> _DATASET CONTENT_:
---------------
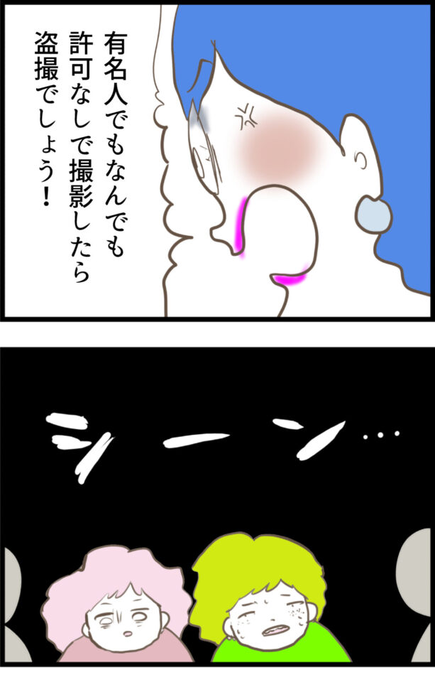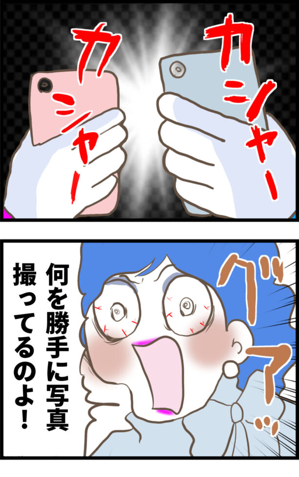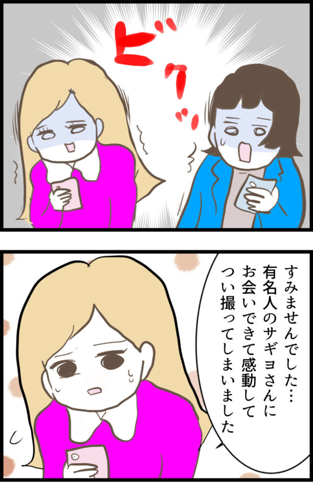 感動のあまり勝手に写真を撮ってしまった参加者に対し、「盗撮でしょう!」と激しく怒鳴り散らすサギヨ。
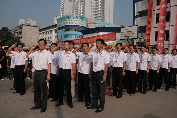 最后,新華365計劃教育校區(qū)的全體教職員工面對國旗,面對全體同學(xué),在鄭成鯤主任的帶領(lǐng)下莊嚴(yán)宣誓:忠于人民的教育事業(yè),履行教師的神圣職責(zé),貫徹國家的教育方針,全面實(shí)施素質(zhì)教育,……做學(xué)生良師益友,鑄教師高尚人格,為中華民族的偉大復(fù)興,為人類社會的文明進(jìn)步,獻(xiàn)出全部力量!
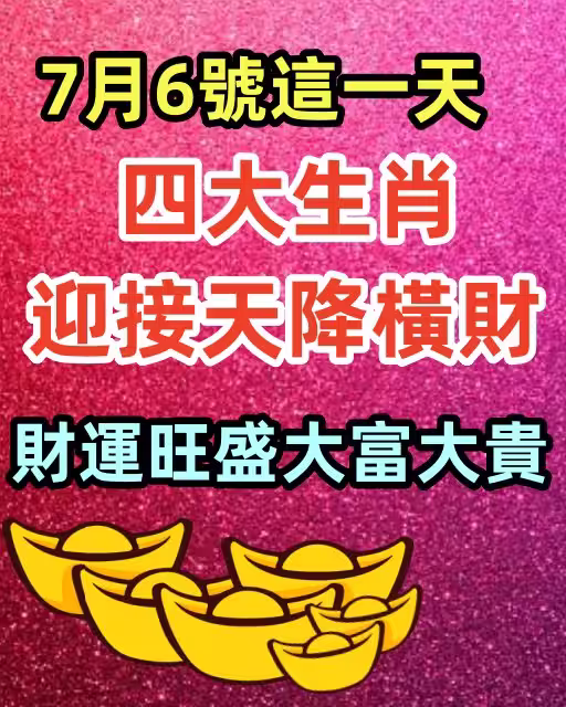 7月6號這一天,四大生肖迎接天降橫財,財運旺盛大富大貴!
---------------
> _REQUIRED WORK_:
Please print the entire listing again exactly, minus its images.

> _ANSWER TO THIS TASK_:
 感動のあまり勝手に写真を撮ってしまった参加者に対し、「盗撮でしょう!」と激しく怒鳴り散らすサギヨ。
 最后,新華365計劃教育校區(qū)的全體教職員工面對國旗,面對全體同學(xué),在鄭成鯤主任的帶領(lǐng)下莊嚴(yán)宣誓:忠于人民的教育事業(yè),履行教師的神圣職責(zé),貫徹國家的教育方針,全面實(shí)施素質(zhì)教育,……做學(xué)生良師益友,鑄教師高尚人格,為中華民族的偉大復(fù)興,為人類社會的文明進(jìn)步,獻(xiàn)出全部力量!
 7月6號這一天,四大生肖迎接天降橫財,財運旺盛大富大貴!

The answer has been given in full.